The letter was signed by eight Internet-related giants -- Google, Apple, Facebook, Twitter, Microsoft, Yahoo, LinkedIn, and AOL. I don't know if any telcos or cable TV companies were asked to join the group or not, but service providers such as AT&T Inc. have already made it pretty clear that they are not going to push back against federal government data collection requests.
In fact, according to an Associated Press report last week, AT&T will not even explain its actions to its own concerned shareholders.
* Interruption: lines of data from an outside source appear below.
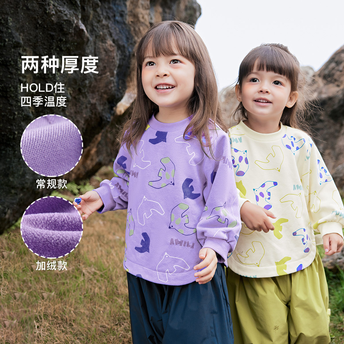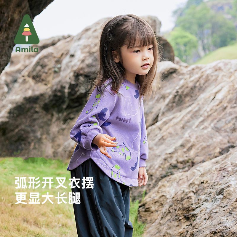T恤上衣 女童宝宝圆领套头满印卫衣休闲长袖 Amila童装 2025春秋新款
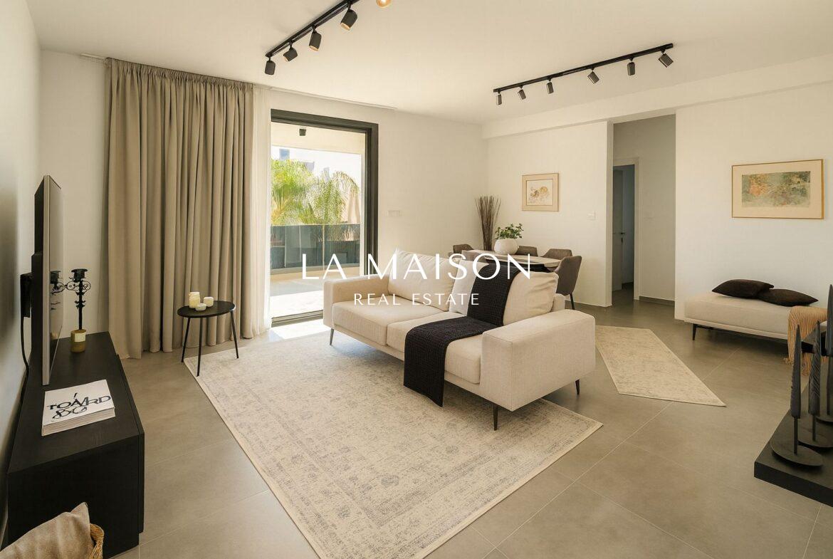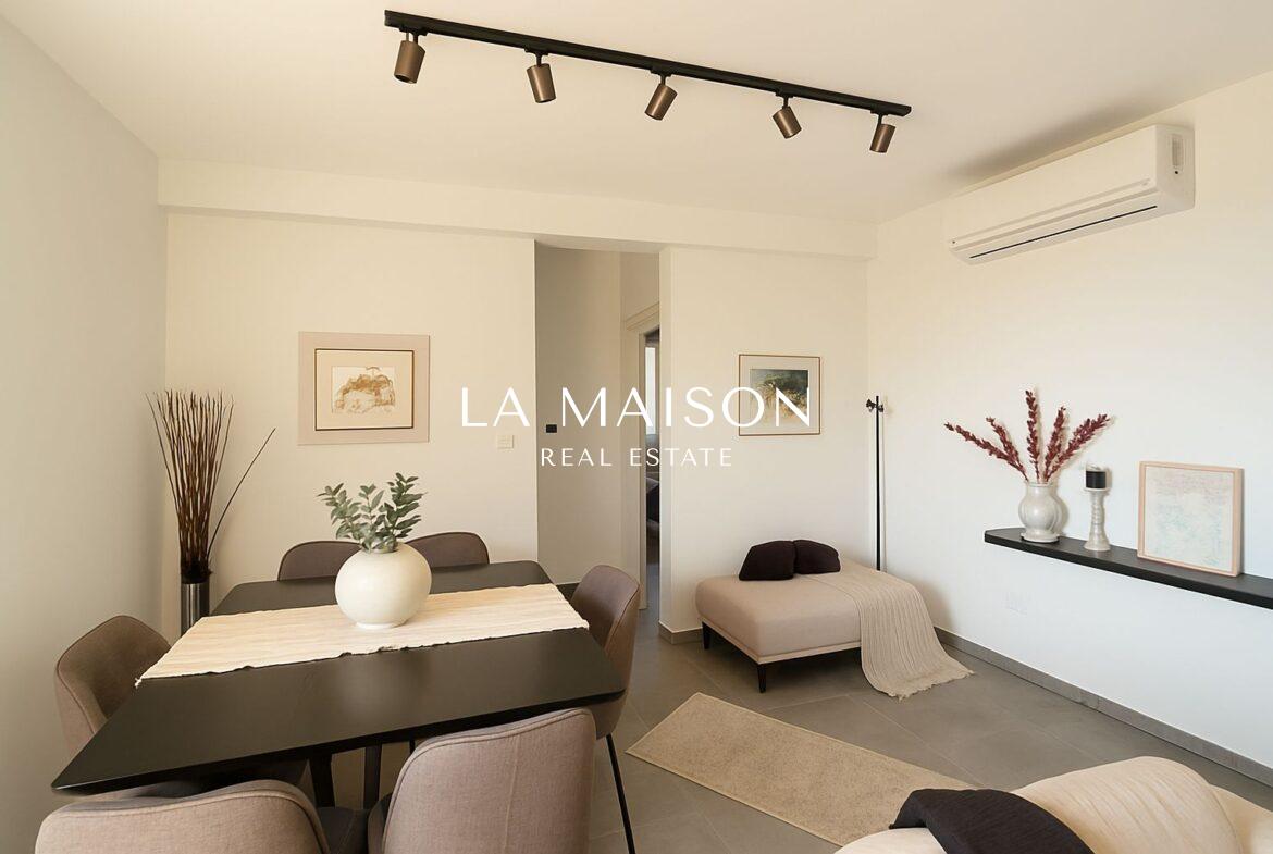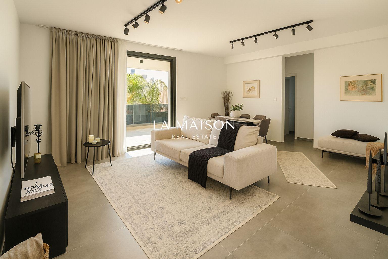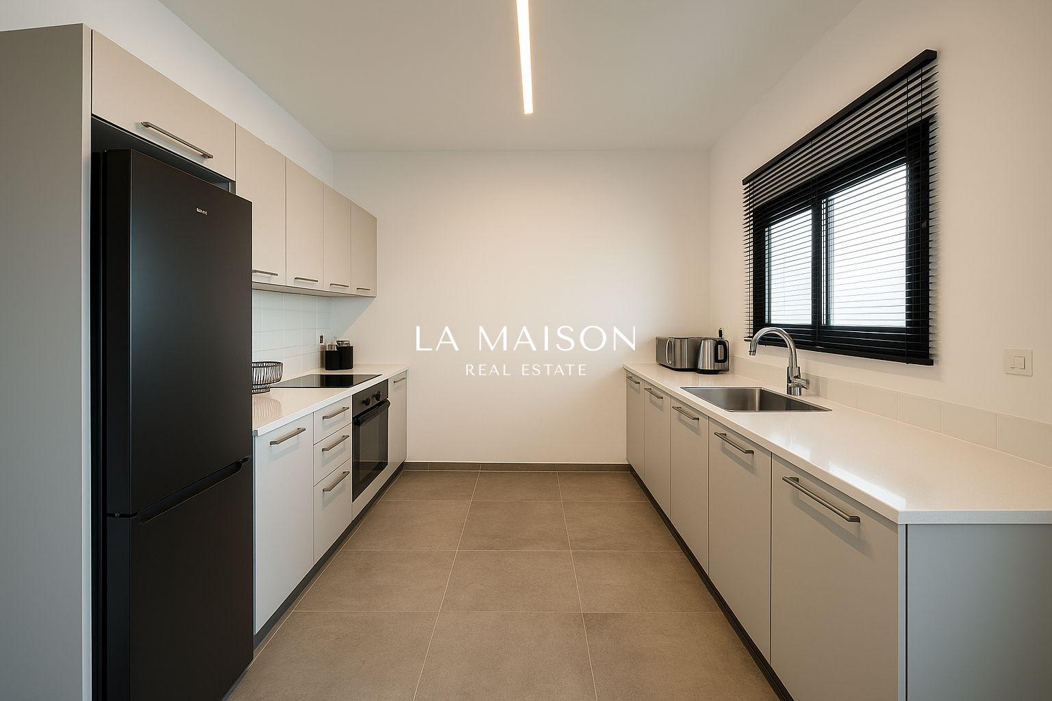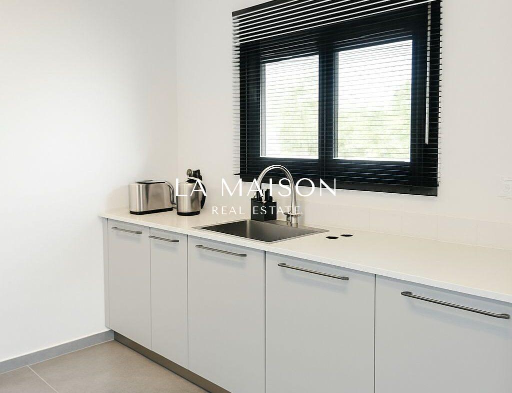 Introducing a stunning and stylish contemporary two-bedroom apartment that redefines modern living. This brand-new residence, available for rent for the very first time, spans 90 sqm of internal space plus a generous 30 sqm balcony, offering an exceptional blend of comfort and elegance. Designed with attention to detail, it features high-quality finishes and exquisite furniture throughout, creating a warm yet sophisticated atmosphere. The apartment comes fully furnished and equipped with all modern electrical appliances, including a dishwasher, washing machine with dryer, and all essential conveniences for a seamless lifestyle. Both bedrooms are spacious, with the master bedroom benefiting from an en-suite bathroom, ensuring privacy and comfort. Situated on the second floor of an impressive contemporary building, the property also offers a large storage room, dedicated parking space, underfloor heating, and full air conditioning for year-round comfort. Ideally located close to multiple schools, private and local gyms, bakeries, and a wide range of amenities, this exceptional apartment is the perfect choice for those seeking luxury, convenience, and style in one of the most desirable areas.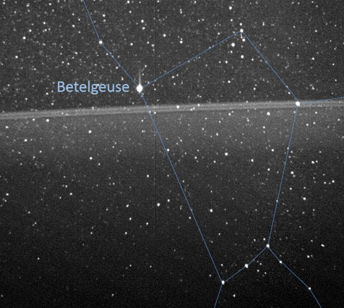 Captured by Juno’s Startracker navigational camera, is Jupiter’s ring system, which lies some 64,000 km (40,00 mi) out from the planet. Outlined in the backdrop of stars is the constellation of Orion (an excellent navigational aid), showing Betelgeuse (named), Bellatrix (Orion’s other shoulder, sitting on the line of Jupiter’s “gossamer rings”), and the stars apparently forming the line of Orion’s belt: Alnitak, Alnilam and Mintaka (l-to-r) sitting below the haze from the broadest and innermost ring as it disperses sunlight. This image was captured by the Juno mission on August 27th, 2016, during the vehicle’s first operational pass over Jupiter’s cloud tops. Credit: NASA/JPL / SwRI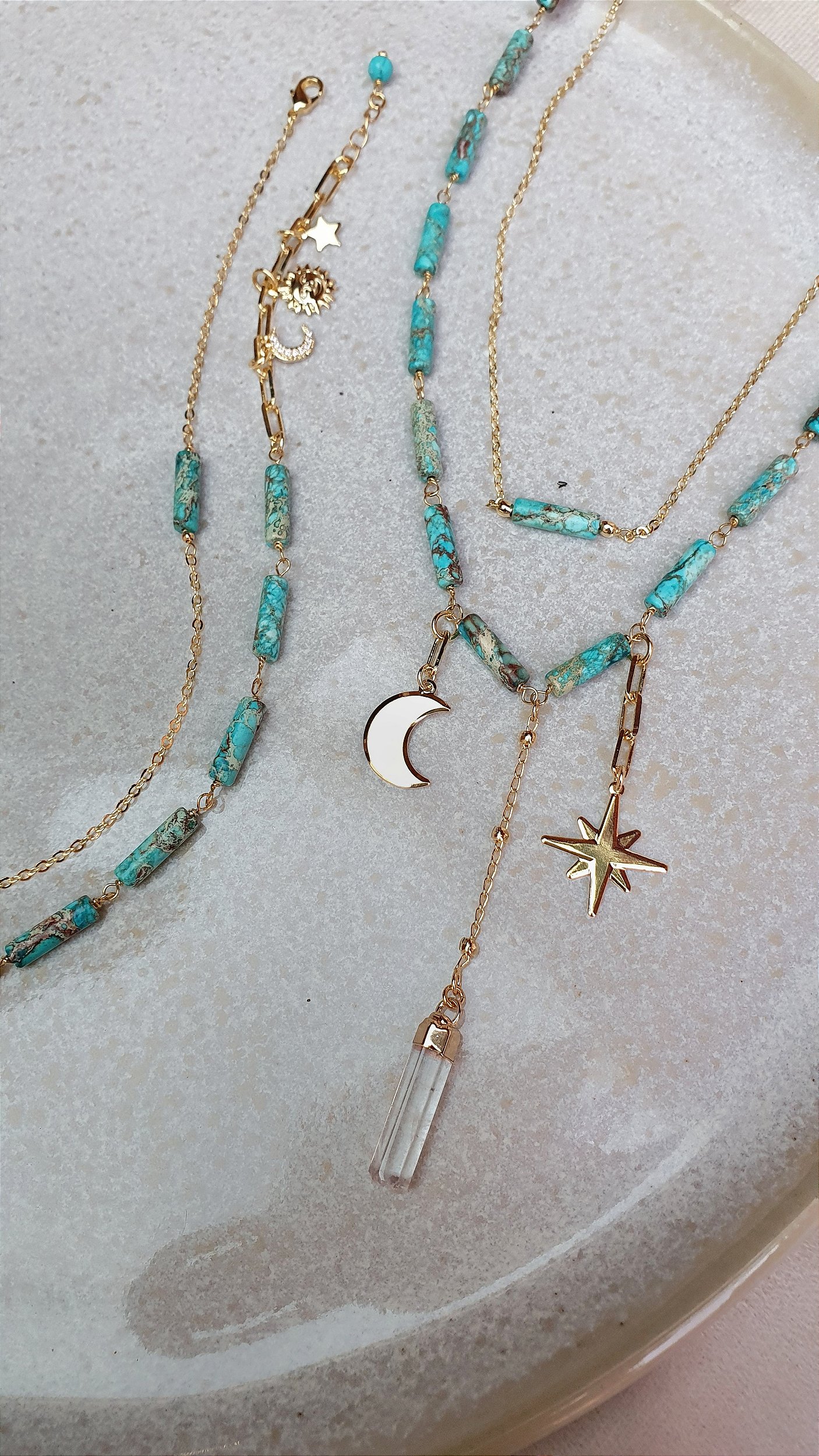 A Pulseira Estelar traduz a beleza do firmamento em uma joia única. Confeccionada com pedras naturais de jaspe azul, sua montagem delicada é enriquecida pelo acabamento banhado a ouro 18k e por uma charmosa corrente que carrega três símbolos celestiais: uma lua cravejada, um sol e uma estrela. Uma peça sofisticada que une design encantador e significado atemporal.

Let's not champion the latest efforts by Google, Apple, and the rest too loudly, since they could have done something like this much earlier, long before it became clear that revelations about the National Security Agency collecting user data from service providers and web firms would not go away. Still, this letter does more in a single stroke than the likes of AT&T have managed to come up with since the spying scandal started. It also puts some focus back on the NSA activities after we have too easily become distracted by the incessant targeting of Huawei Technologies Co. Ltd.. (See Another Day, Another Domestic Spying Revelation; US Senators Stir Up Huawei Security Concerns; and Here Come the WiFi Drones.)
Asking for stricter rules to govern collections of personal data in the future is not even the same thing as taking a stand against the such activities. Nor is it a full explanation of what really happened and how to protect users whose data was collected.
Yet, these other tech giants are trying to do something, symbolic as it may be, while broadband service providers continue to sit silently on the sidelines.